This novel, non-stimulant and non-systemic treatment has been shown
in clinical studies to be effective, safe and well-tolerated.
In clinical studies, PLENITY demonstrated a unique combination
of effectiveness combined with a highly favourable safety and
tolerability profile. Data from the PLENITY pivotal study, Gelesis
Loss Of Weight (GLOW), were published recently in the scientific
journal Obesity and that paper was selected as an Editor's Choice
manuscript. Pivotal data from the GLOW study were also presented in
three posters, one receiving a special recognition award, and an
oral presentation at the Obesity Society Annual Meeting 2018.
"Given the complexity of the disease of obesity and the need for
expanded treatment options, the Obesity Action Coalition is
encouraged to see continued innovation in safe and effective
chronic weight management options. We welcome PLENITY's addition as
a treatment option for people affected by obesity," said Joe
Nadglowski, president and chief executive officer of the Obesity
Action Coalition.
"More than 150 million Americans struggle with excess or
unhealthy weight. Unfortunately, the majority of individuals with
weight issues have important weight-related medical problems.
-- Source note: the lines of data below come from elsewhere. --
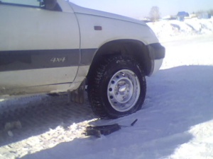 посетил, таки. На свою голову. После большого разворота, поворот на 90*. Разулась правая сторона. Сняло с дисков колесики, плотным снегом. Катались комрады на Шевроле Ниве. Помогли снова тапочки одеть
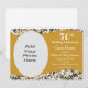 Esta invitación de aniversario de bodas de 50 años presenta un patrón de damasco con remolino negro como fondo, y una franja dorada ondulada en el centro y el marco de foto personalizable. El texto personalizable le permite agregar los detalles de su invitación.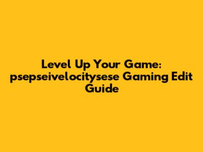 Level Up Your Game: Psepseivelocitysese Gaming Edit Guide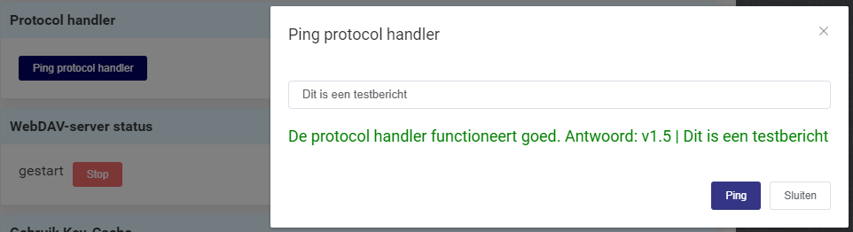 Onder Beheer -> Server status is een sectie "Protocol handler". Klik op "Ping protcol handler" en typ een bericht in de dialoog die verschijnt. Klik op de knop "Ping" om het bericht te versturen. Het duurt maximaal 30 seconden voordat er een bericht terugkomt van de protocol handler. Als de protocol handler goed is geïnstalleerd verschijnt een melding dat de protocol handler goed functioneert. Het antwoord bestaat uit het verstuurde bericht voorafgegaan door het versienummer: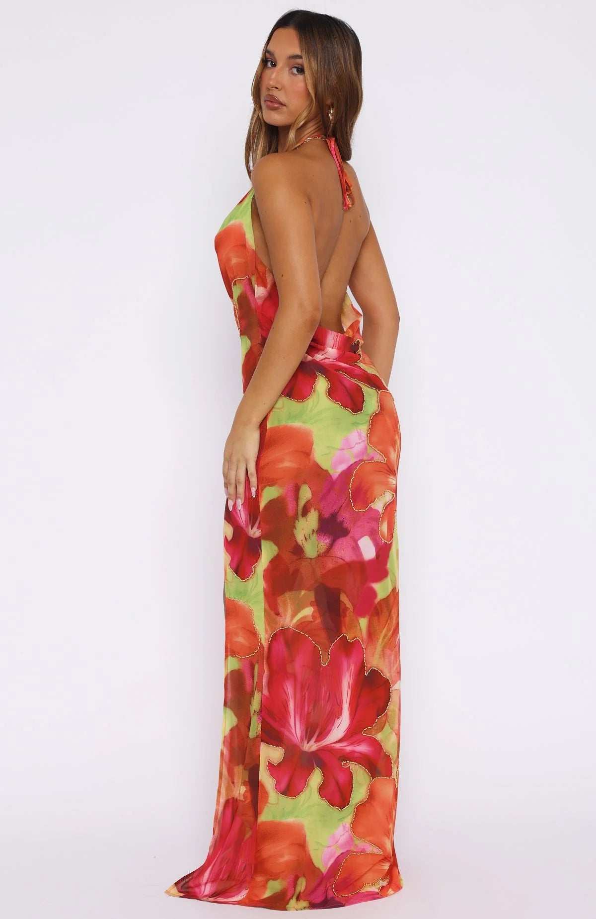 Golden hour glow, outfit to match. The Falling Into You Maxi Dress Tropical Bloom features a halter neck style with back self tie closure, low cowl neckline, maxi length with high side split, backless with cowl detailing, invisible zipper and clasp closure, and beaded detailing. Complete the look with sandals and statement jewellery for a fit we love.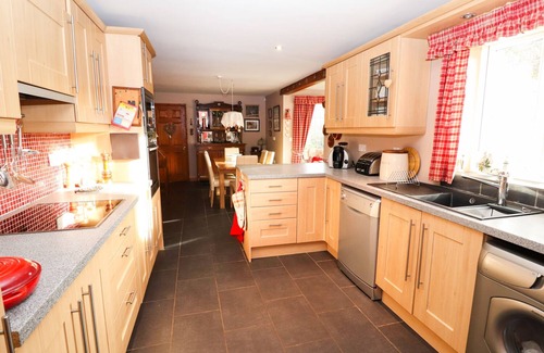 The West Wing is a self-contained annex located within the village of Bodfari, Denbigh. It homes two bedrooms, one ground floor double and a twin bedroom with en-suite, posing a walk-in shower, basin and WC. Downstairs shower room with walk-in shower, basin and WC. Inside you will also find a charming sitting room with a woodburning fire, a well-equipped kitchen/dining room. Finally, there is a conservatory with seating arrangements, overlooking the grounds. Guests will have a private parking area, and a front garden and an enclosed back garden. The West Wing is a delightful property, situated within a picturesque location. Note: The back garden is shared with the owners and is not fenced off, therefore, guests are requested not to go beyond the West Wing area. This property only accepts bookings starting on a Monday and a Friday. Note: This property is not suitable for children under the age of 5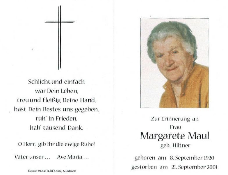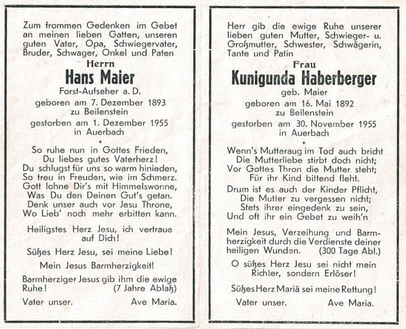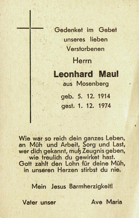 Maul Leonard 05.12.1914.01.12.1974 Maul Margarete geb. Hiltner 08.09.1920 - 21.09.2001 SB Meier Josef 03.12.1895 - 24.04.1972 Meier Leonard 09.06.1898-10.03.1969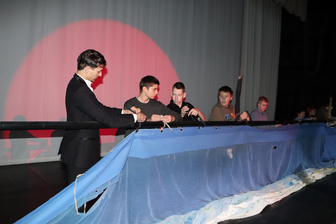 Самое интересное ждало гостей на сцене: участникам предстояло закрепить мягкие декорации на штанкет, опустить «горизонт» и выставить жесткие декорации.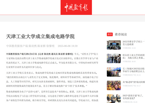 天津工业大学校长姜勇表示,集成电路学院的成立是响应国家集成电路战略需求的重要布局。“我们将聚焦高端芯片与柔性光子交叉领域,依托物理、材料科学等基础学科,深度融合电子信息、人工智能等应用学科,研究方向涉及基础材料、器件理论、制造工艺和系统集成,构建从基础材料到智能集成的全链条技术生态,着力于解决集成电路产业‘卡脖子’技术难题。”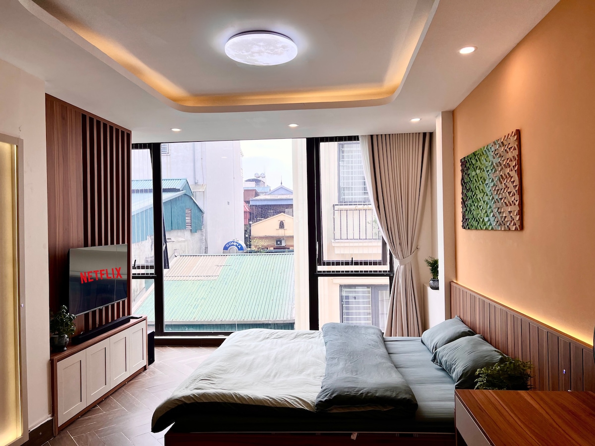 Căn Hộ cao cấp được thiết kế với phong cách hiện đại, tiện nghi tại khu vực trung tâm của Hà Nội, nơi bạn có thể dễ dàng mua sắm tại TT Vincom hoành tráng, ăn uống tại các nhà hàng, quán ăn, cafe cực kì ngon chỉ trong vòng 5-10ph đi bộ. Chúng tôi luôn giữ sạch sẽ và thơm tho tại căn hộ cao cấp của mình. +Ban công với view cao. Bạn có thể tận hưởng kỳ nghĩ của mình một cách lãng mạn nhất cùng với những bộ phim được chiếu trên Tivi màn hình rộng và được cài đặt sẵn Netflix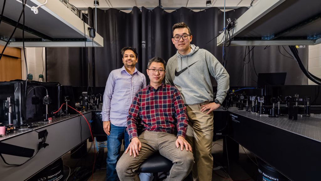 Postdoctoral scholar Sujan Subedi (left), Assistant Professor Jun Xiao and PhD student Tairan Xi are working on materials that utilize the terahertz band, which could lead to new biosensors, faster communications and other applications. Photos: Joel Hallberg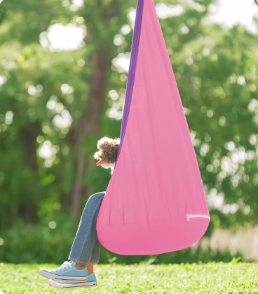 A slightly wider, roomier version of the HugglePod, the HugglePod Deluxe Canvas Hanging Chair offers extra comfort for older children or just a little extra space for smaller kids to snuggle. It also supports children with special needs by giving them a safe and soothing place to calm overly-stimulated senses.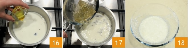then also add the honey 16, stir again to combine the ingredients, and after that, add the well-wrung gelatin sheets 17, stirring to dissolve them and thicken the cream, and then turn off the heat, transfer it to a bowl, cover it with cling film in contact 18 and let it cool. First, place it at room temperature and then in the fridge for at least a couple of hours so that it is well cold before adding the whipped cream. Before using it, it is advisable to smooth it by working it for a few moments with the whisk.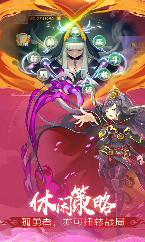《时之幻想曲》在经典SLG玩法基础上,进行轻休闲优化,不造兵不跑图,避免多线操作的繁琐,无压力无负担,排兵布阵,一锤定音。枪兵、弓兵、骑兵、阴阳师、步兵等兵种,追随各个战姬一起轻松成长,爽快战斗。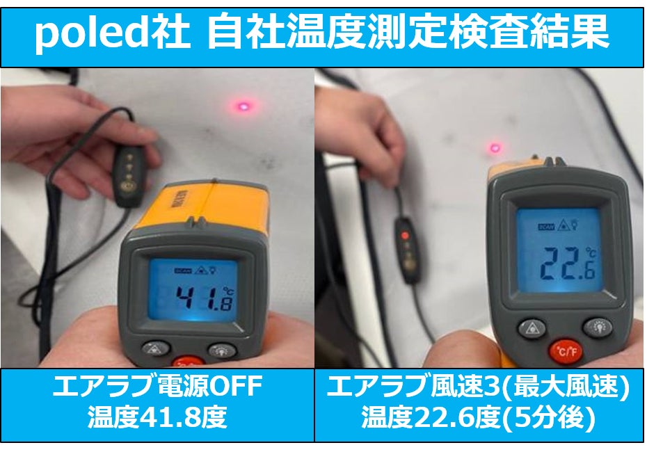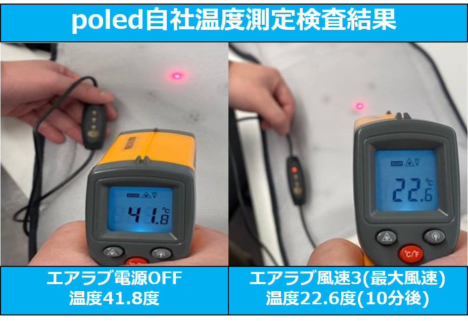 さらにpoled社の社内測定実験でシートの表面温度の検査をしたところ、5分でシートの表面温度が約20度下がりました。

There
is no doubt that making a significant impact on this issue should
be America's number one public health priority. The scientific data
supporting PLENITY's positive effects on weight make it a powerful
tool to help with weight management. The most compelling aspects of
this approach are its effectiveness, novel mechanism of action and
impressive safety data. This approach creates another arm in the
treatment algorithm of weight management and could be used by an
overwhelming majority of people struggling with weight issues,"
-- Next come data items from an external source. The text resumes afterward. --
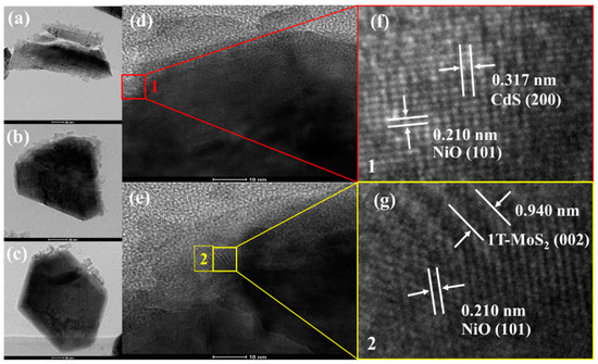 HRTEM images of 5%(NiMo6)@CdS-24 h composite. (a–c) HRTEM images with a scale bar of 50 nm. (d,e) HRTEM images with a scale bar of 10 nm. (f,g) Amplified specific regions in (f) red square box 1 and (g) yellow square box 2 derived from (d,e), respectively.
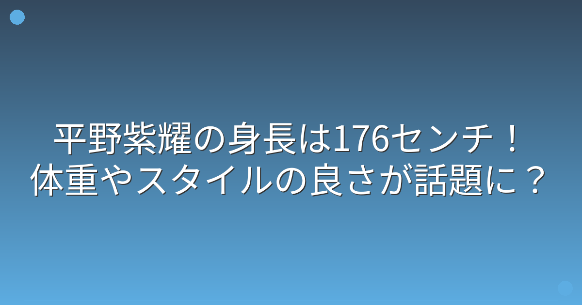 平野紫耀さんの体重については、公式には明らかにされていませんが、関係者の話では適正な体型を維持していると言われています。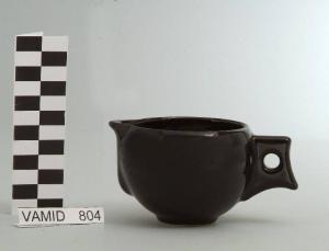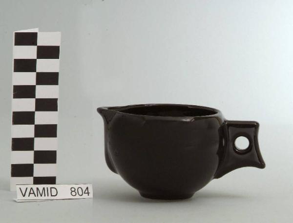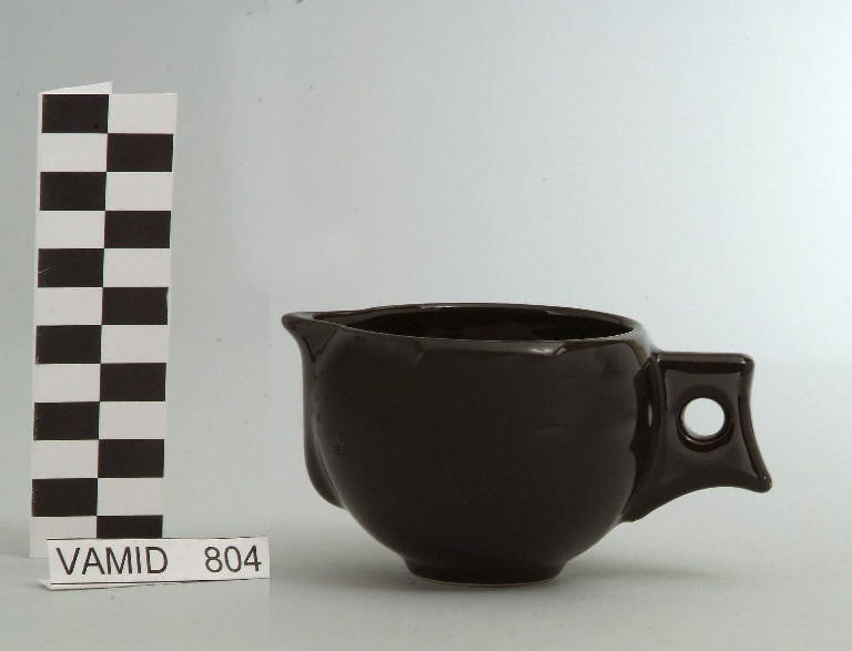 Lattiera con corpo sferico; manico squadrato; beccuccio sporgente; fondo nero.

said Ken Fujioka, M.D., a weight loss expert, endocrinology
researcher at Scripps Clinic and scientific advisor to Gelesis.
Gelesis plans to initiate a targeted U.S. launch of PLENITY in
the second half of 2019 and anticipates PLENITY will be broadly
available by prescription in the U.S. in 2020.
Clinical studies of PLENITY
PLENITY and its prototypes have been studied across five
clinical studies throughout the United States, Canada, and Europe.
PLENITY, along with diet and exercise, helps to induce weight loss
through increased satiety and reduced hunger, leading to a
reduction in caloric intake. Throughout its clinical programme,
PLENITY has demonstrated a consistently strong safety and efficacy
profile.
PLENITY was recently evaluated in a multicentre, double-blind,
placebo-controlled pivotal study designed to assess change in body
weight in 436 adults with overweight or obesity (BMI >= 27 and
<= 40 kg/m(2) ) after six months of treatment. The study had two
predefined co-primary endpoints: at least 35% of patients taking
PLENITY achieving >= 5% weight loss (categorical endpoint) and
placebo-adjusted weight loss with a super-superiority margin of 3%.
In addition, a prespecified analysis of simple superiority was also
performed. The study met and exceeded the predefined categorical
endpoint, with 59% of adults in the treatment group achieving
weight loss of 5% or greater. As previously announced, the study
did not meet the 3% super-superiority endpoint but demonstrated
superiority of the PLENITY treatment over the placebo group (-6.4%
vs. -4.4%, P=0.0007). PLENITY-treated individuals had twice the
odds of achieving at least 5% weight loss vs. placebo (adjusted
odds ratio [OR]: 2.0, P=0.0008).
In addition, 26% of the adults who completed the treatment with
PLENITY were "super-responders," defined as achieving at least 10%
weight loss. These super-responders achieved an average of about
14% weight loss or approximately 30 pounds.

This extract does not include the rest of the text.